# Supplied records
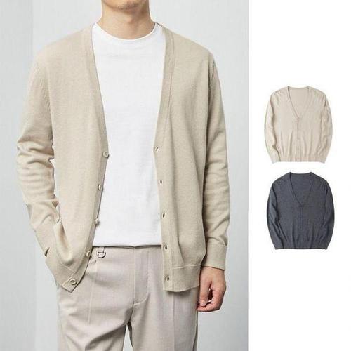 [셀러허브_여성트랜드패션]기본형 남성 가디건 브이넥 베이직 넘성단 V넥 색코트 코트 빅사이즈 솔리드 ..
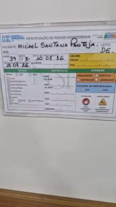 Segundo o relato, Michel encontra-se na Enfermaria D, leito 6, enfrentando um quadro clínico considerado grave. Ele já é paciente de uma doença crônica, a Espondilite, e, durante o período recente, teria desenvolvido outras complicações, incluindo Gastrite, Cálculo renal, Esteatose hepática e uma lesão pulmonar com início de Pneumonia.
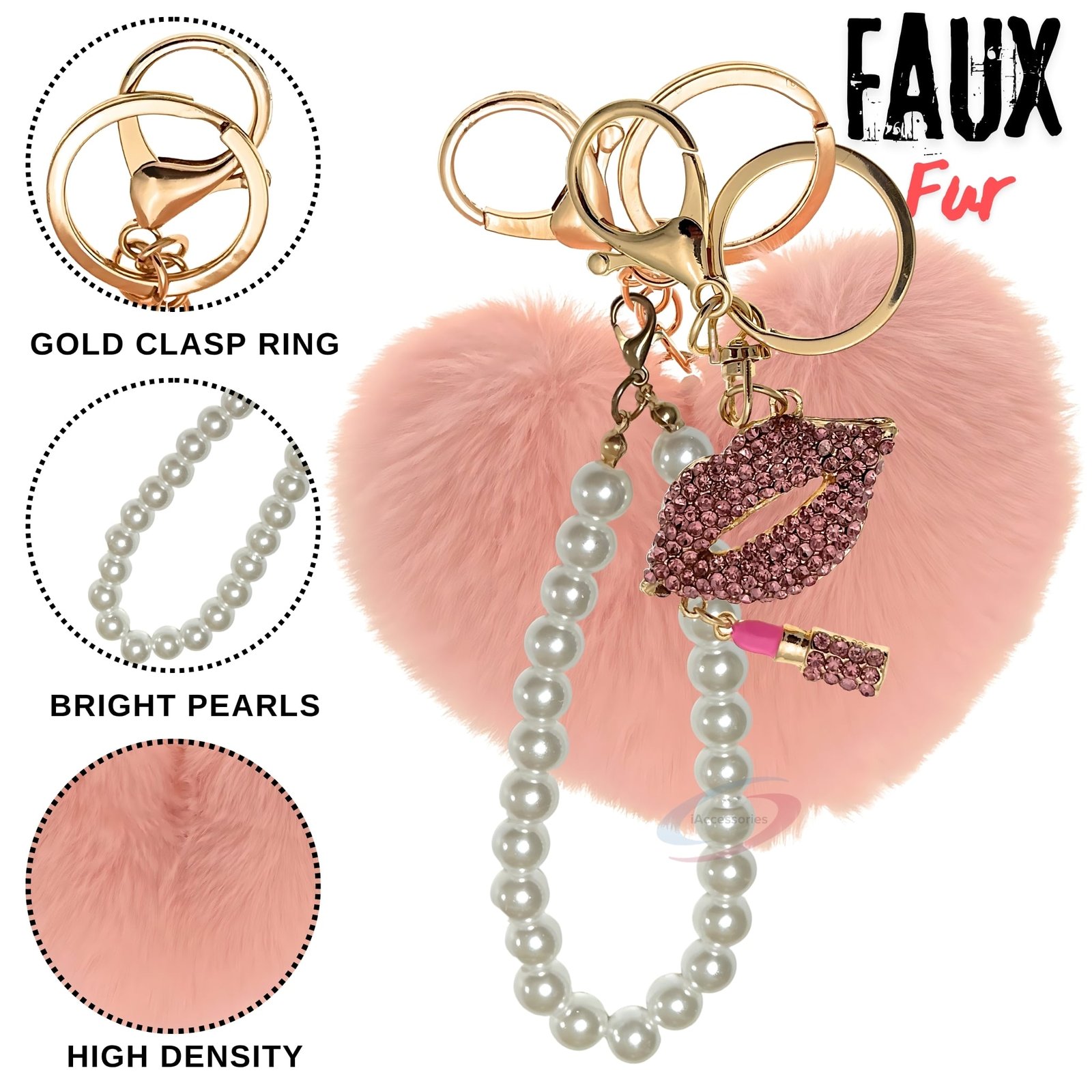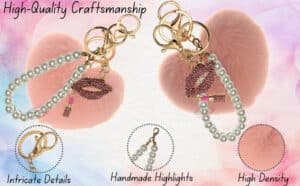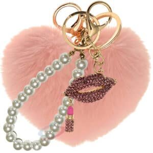 Enhance your daily style with the iAccessories Pearl Diamond Lips Heart Pom Pom Key Ring – Baby Pink.
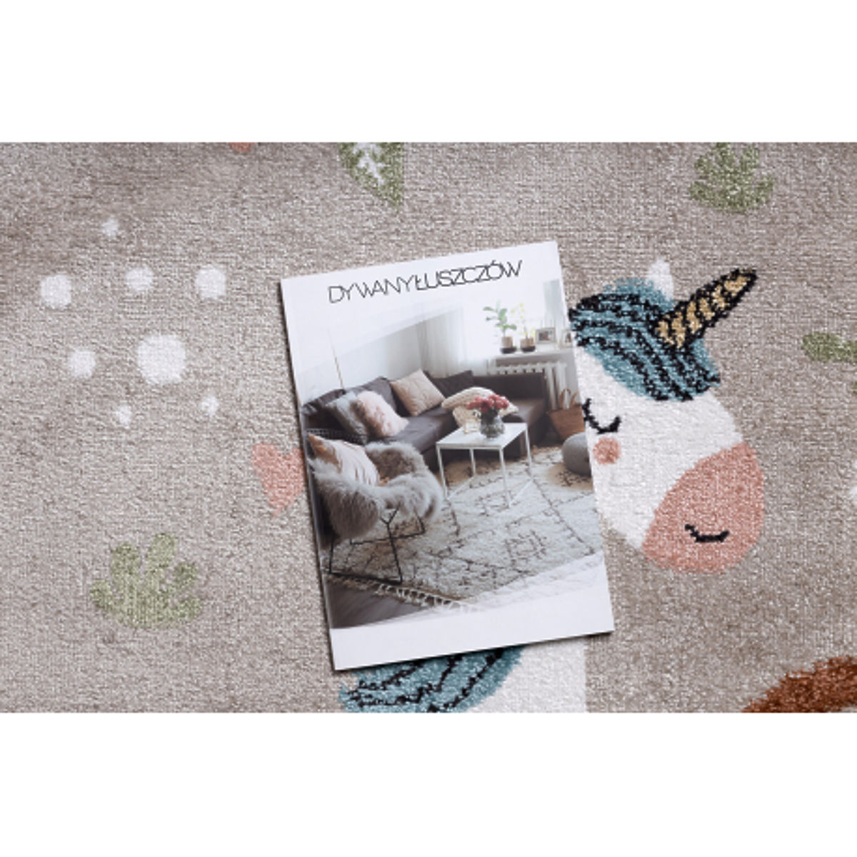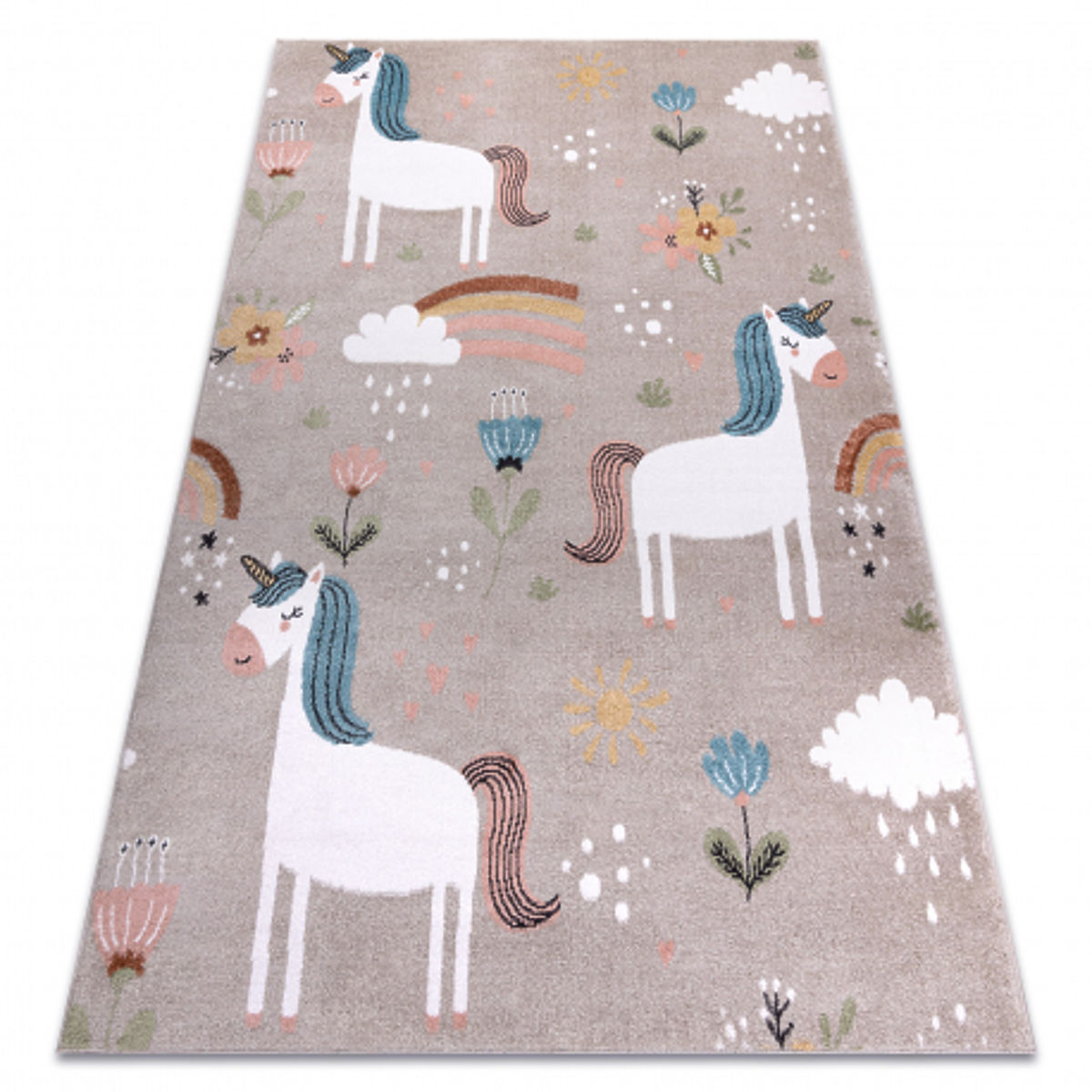Očarajte dječju sobu čarobnom atmosferom s tepihom FUN Sweety, koji krasi simpatični jednorog i šarena duga. Nježna bež boja djeluje harmonično i lako se uklapa s ostalim namještajem i dekoracijama. Tepih je mekan, ugodan na dodir i idealan za igru, odmor i svakodnevne radosti. Zahvaljujući izdržljivom materijalu, savršeno odgovara dječjoj sobi, igraonici ili vrtiću.
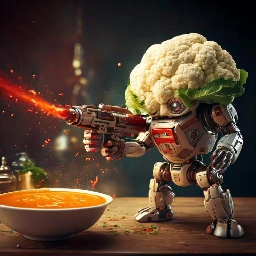 una coliflor super héroe robot con una ametralladora que lanza salsa de tomate luchando contra una sopa instantanea
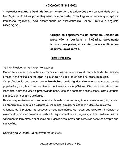 INDICAÇÃO Nº 183/2022
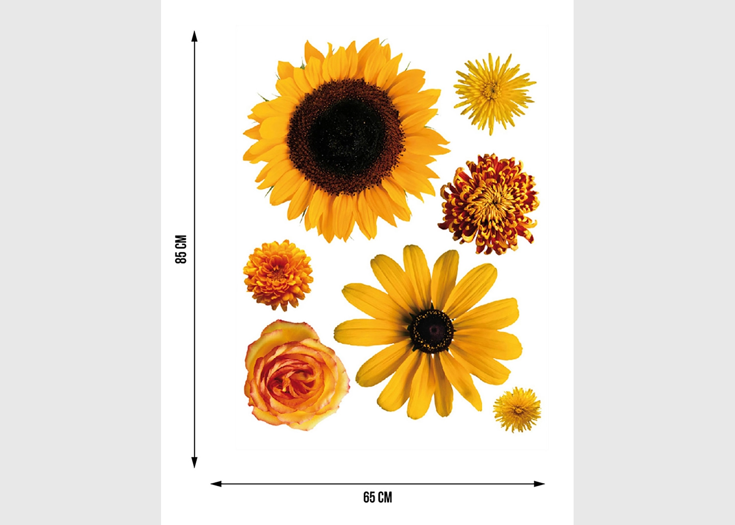 Samolepka na zeď Žluté Květy a Slunečnice | 65 x 85 cm | F 0408
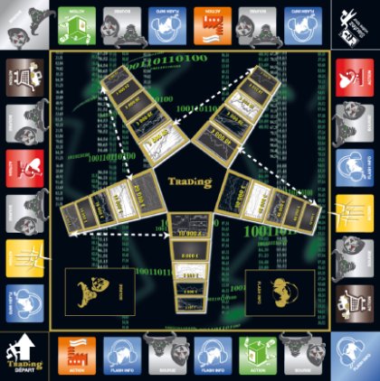 On retrouve dans Trading tout ce qui fait les délices des boursicoteurs, et en particulier les options spéculatives à la hausse ou la baisse. C'est tellement immoral que quelques gouvernements occidentaux en ont décidé l'interdiction (mais pour quelques jours seulement, qu'on se rassure, il ne faut pas se fâcher avec les riches). Les cours des actions sont affectés par des cartes de cours de bourse et quelques événements. Contrairement à ce qui se passe dans la plupart des jeux de bourse, comme Long Short ou Le Jeu de la bourse, pour ne citer que les meilleurs, les joueurs ne peuvent pas influer eux-mêmes sur les cotations. Cela leur évite d'être inculpés de délits d'initiés ! Mais surtout, c'est la principale différence de ce jeu avec ses prédécesseurs. À chacun de choisir les risques qu'il prend dans un marché globalement orienté à la hausse, mais qui peut cependant connaître des faillites spectaculaires.
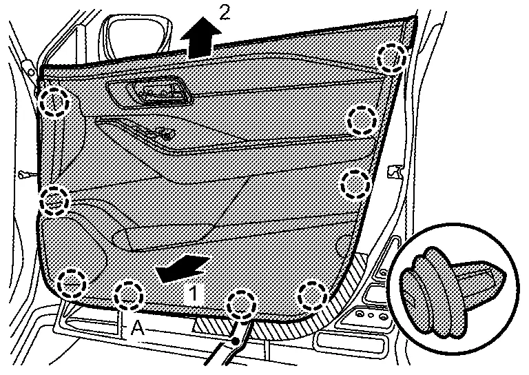 Disengage front door finisher fixing clips using a remover tool (A) according to numerical order 1→2 indicated by arrows as shown in the figure.
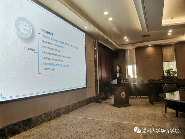包含麗做中國華僑華人研究院(溫州大學)基地建設情況報告。介紹了研究院近年來在人才隊伍建設、基地建設、研究領域等方面的重要舉措和顯著成效。她表示,近年來,華僑華人研究院(溫州大學)基地在上級僑務部門和溫州大學黨委領導下,各項工作取得了階段性成效。她指出,下一階段研究基地將圍繞“基地課題培育”“調研基地建設”“主題圖書資料室建設”等九個方面,開展僑鄉歷史文化、跨境移民、華文教育和僑務工作等領域的研究,以扎實的工作成效,助推學校服務浙江經濟社會高質量發展和浙南閩北贛東地區高等教育事業內涵式發展。
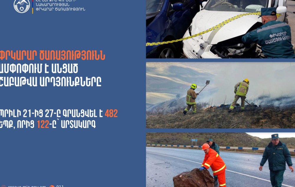 Ապրիլի 21-27-ը ՆԳՆ ՓԾ ճգնաժամային կառավարման ազգային կենտրոնում գրանցվել է 482 դեպք, որից 122-ը՝ արտակարգ: Այս մասին տեղեկացնում է ՆԳՆ Փրկարար ծառայությունը:

# What the exercise asks
Leaving out the pictures, restate each line of the listing above verbatim, from the opening line to the line bearing "INDICAÇÃO Nº 183/2022", inclusive, and no more.

# Result below
 [셀러허브_여성트랜드패션]기본형 남성 가디건 브이넥 베이직 넘성단 V넥 색코트 코트 빅사이즈 솔리드 ..
 Segundo o relato, Michel encontra-se na Enfermaria D, leito 6, enfrentando um quadro clínico considerado grave. Ele já é paciente de uma doença crônica, a Espondilite, e, durante o período recente, teria desenvolvido outras complicações, incluindo Gastrite, Cálculo renal, Esteatose hepática e uma lesão pulmonar com início de Pneumonia.
 Enhance your daily style with the iAccessories Pearl Diamond Lips Heart Pom Pom Key Ring – Baby Pink.
Očarajte dječju sobu čarobnom atmosferom s tepihom FUN Sweety, koji krasi simpatični jednorog i šarena duga. Nježna bež boja djeluje harmonično i lako se uklapa s ostalim namještajem i dekoracijama. Tepih je mekan, ugodan na dodir i idealan za igru, odmor i svakodnevne radosti. Zahvaljujući izdržljivom materijalu, savršeno odgovara dječjoj sobi, igraonici ili vrtiću.
 una coliflor super héroe robot con una ametralladora que lanza salsa de tomate luchando contra una sopa instantanea
 INDICAÇÃO Nº 183/2022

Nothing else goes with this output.